Beruntung, insiden kebakaran dapat segera diatasi berkat kesigapan petugas keamanan dan kelengkapan alat pemadam kebakaran yang tersedia di rumah sakit. Alarm kebakaran pun sempat berbunyi dan menjadi tanda pertama adanya insiden tersebut.
“Alhamdulillah memang di gedung tersebut setiap sore ada penjaga dan pada saat malam hari jam 2 pagi pada saat kejadian satpam yang mengetahui kemudian satpam keliling ada alarm yang berbunyi dan di situlah ketahuan bahwa ada kebakaran di lantai dua,” jelasnya.

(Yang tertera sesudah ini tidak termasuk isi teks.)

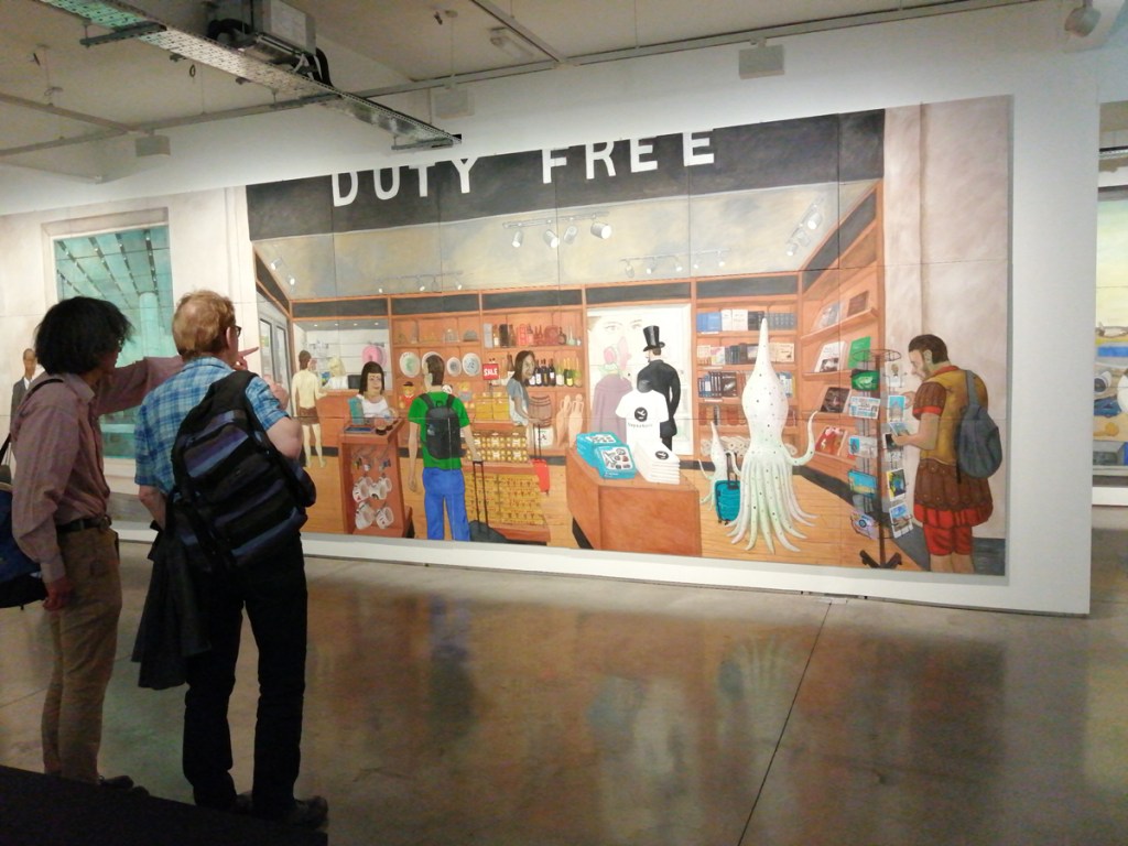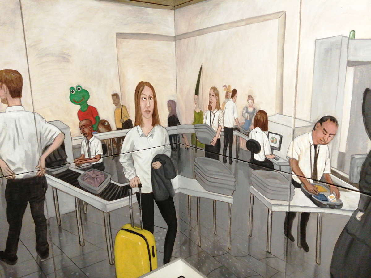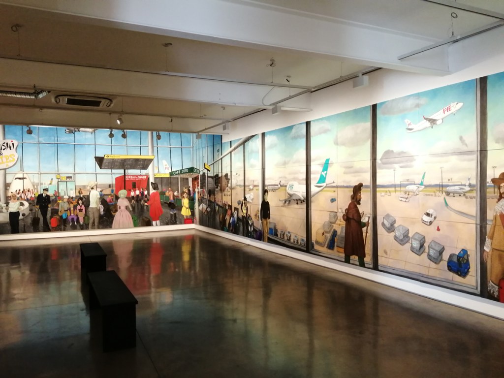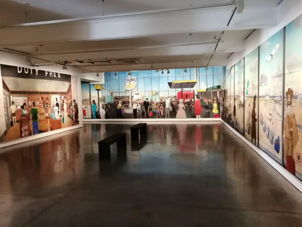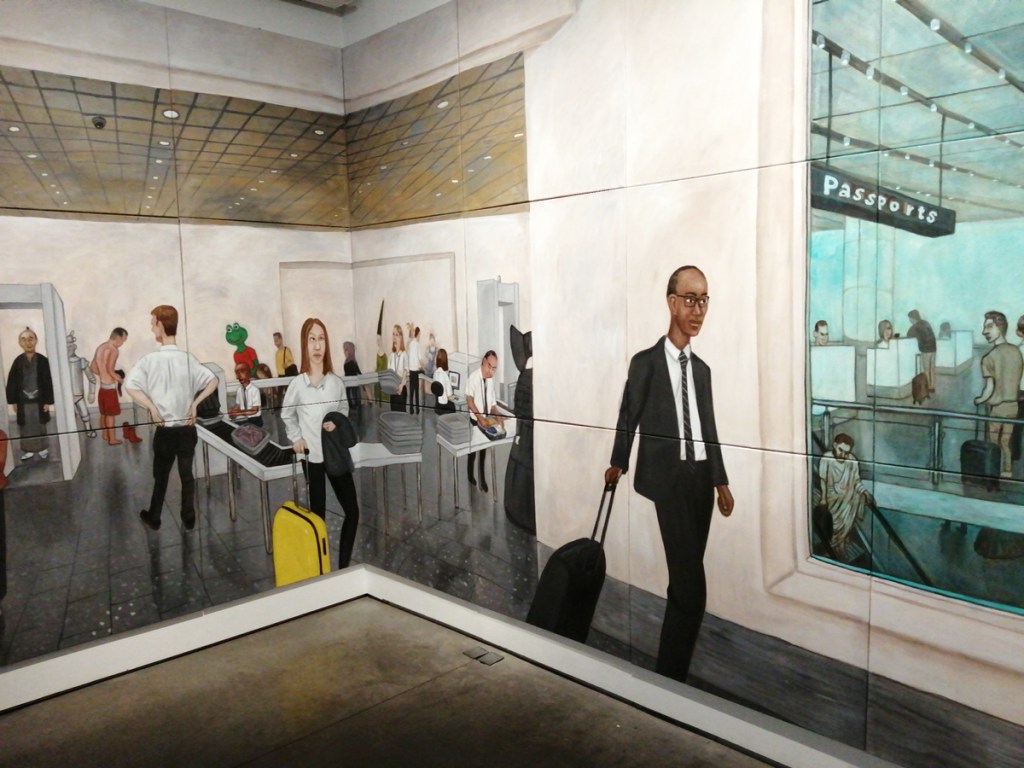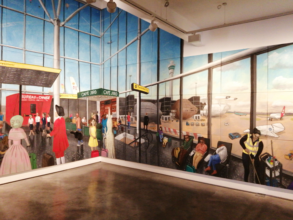 “In Departures, the gallery will be filled with a continuous series of paintings, covering a space of more than 160 square metres. The highly detailed paintings weave a seamless journey through the building, traversing the crowded halls, shops, and waiting areas in between, creating an unfolding stage for individual and often unexpected narratives to occur. Hundreds of fictional characters occupy the busy departure lounge, some of whom may be visitors from past centuries or other galaxies, waiting to board flights bound for mythical destinations. As the title suggests, Departures is a launching-off point from which viewers are invited to explore imaginary journeys of their own”.

Seno menyampaikan apresiasinya kepada seluruh petugas rumah sakit yang dinilai sigap dalam menangani peristiwa tersebut. Ia juga berharap alokasi anggaran perubahan ke depan dapat mencakup perbaikan ruangan yang terdampak.
“Kita sudah lihat tadi dan berterima kasih kepada seluruh petugas di rumah sakit ini bekerja dengan cepat dan alat pemadam kebakaran nya juga lengkap di sini sehingga kebakaran bisa ditanggulangi dengan baik tidak merembet kemana-mana,” tuturnya.
Lebih lanjut, Seno Aji mengingatkan pentingnya kesiapsiagaan serupa di seluruh gedung pemerintahan. Ia meminta agar semua instansi dilengkapi dengan APAR dan sistem pemadam internal yang memadai.
“Nah untuk itu makanya kita akan minta semua gedung pemerintah supaya ada APAR-nya, ada pemadam kebakaran-nya seperti yang kita minta kemarin untuk dipenuhi supaya mereka juga memiliki kesigapan yang sama dengan rumah sakit ini,” katanya.
Sebagai langkah lanjutan, Seno menyoroti perlunya audit kelistrikan secara menyeluruh di RSUD A Wahab Syahranie. Ia menilai bangunan yang sudah tua harus dicek secara profesional guna mencegah kejadian serupa terulang.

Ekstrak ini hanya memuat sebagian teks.